**What the task requires:** Please output the listing below character for character and omit the images.

[Data below — start]

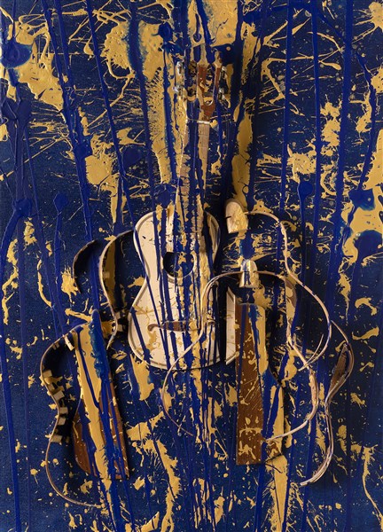 Arman "Senza titolo" 2001 acrilico, ukulele spezzato su tela applicata su tavola
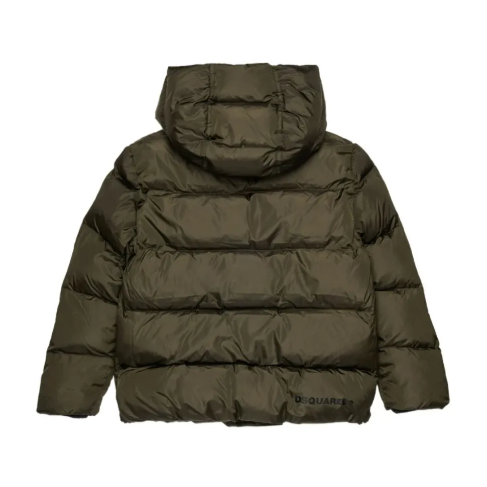 Blijf warm en stijlvol met deze olijfgroene DSQUARED2 KIDS Hooded Winterjas voor jongens. Voorzien van een verborgen ritssluiting aan de voorkant, ritszakken aan de voorkant, logo opdruk op de achterkant en lange mouwen. Gemaakt van 100% polyester.
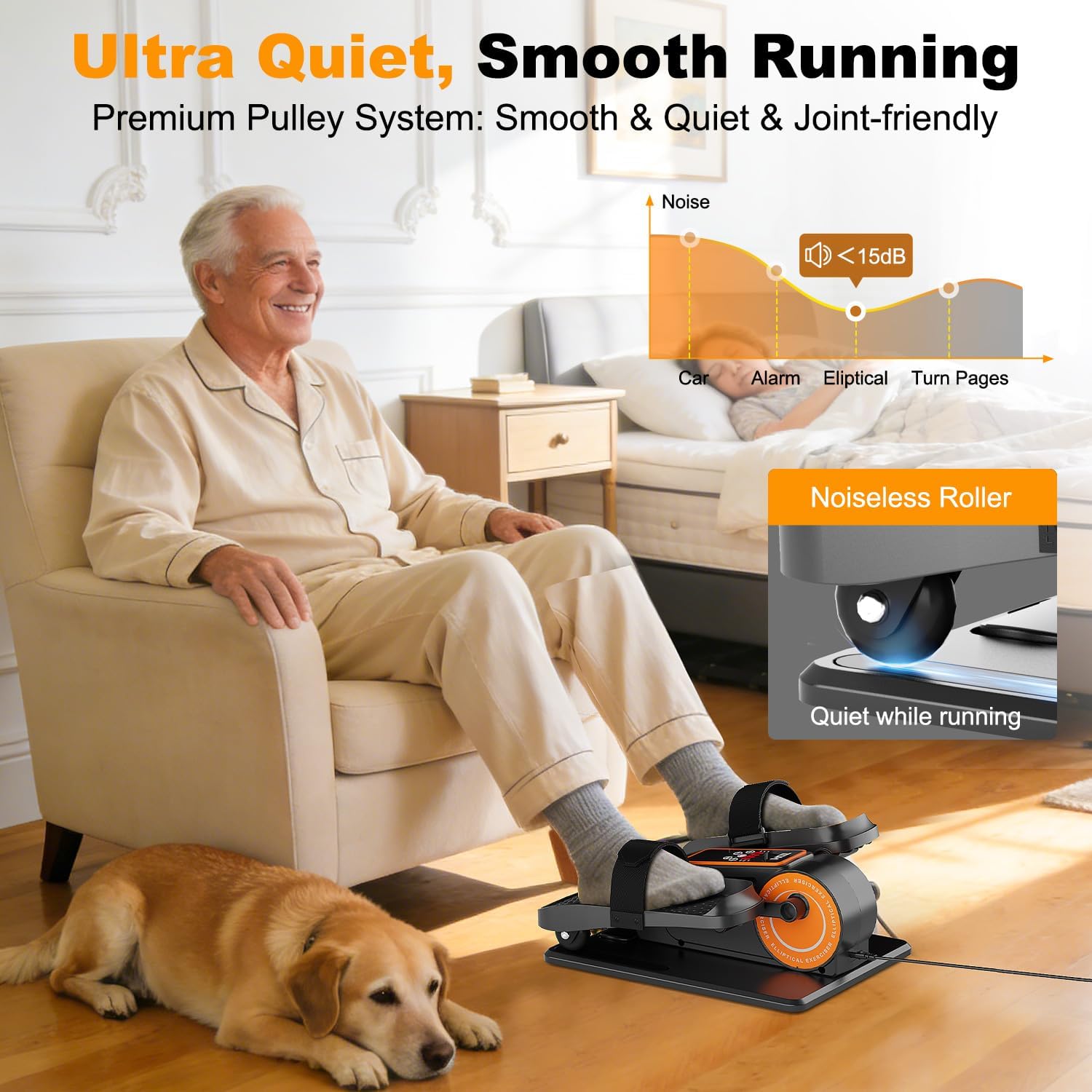 SPACE-SMART PERFORMANCE:This compact elliptical has silent wheels and superior sound insulation, decreasing noise to under 15 dB. Its low-resistance rollers and non-slip pads stop disturbing colleagues/household. Weighing simply 9 lbs with a compact measurement, it boasts nice portability, suits small/shared areas

[Data below — finish]

**Written solution:**
 Arman "Senza titolo" 2001 acrilico, ukulele spezzato su tela applicata su tavola
 Blijf warm en stijlvol met deze olijfgroene DSQUARED2 KIDS Hooded Winterjas voor jongens. Voorzien van een verborgen ritssluiting aan de voorkant, ritszakken aan de voorkant, logo opdruk op de achterkant en lange mouwen. Gemaakt van 100% polyester.
 SPACE-SMART PERFORMANCE:This compact elliptical has silent wheels and superior sound insulation, decreasing noise to under 15 dB. Its low-resistance rollers and non-slip pads stop disturbing colleagues/household. Weighing simply 9 lbs with a compact measurement, it boasts nice portability, suits small/shared areas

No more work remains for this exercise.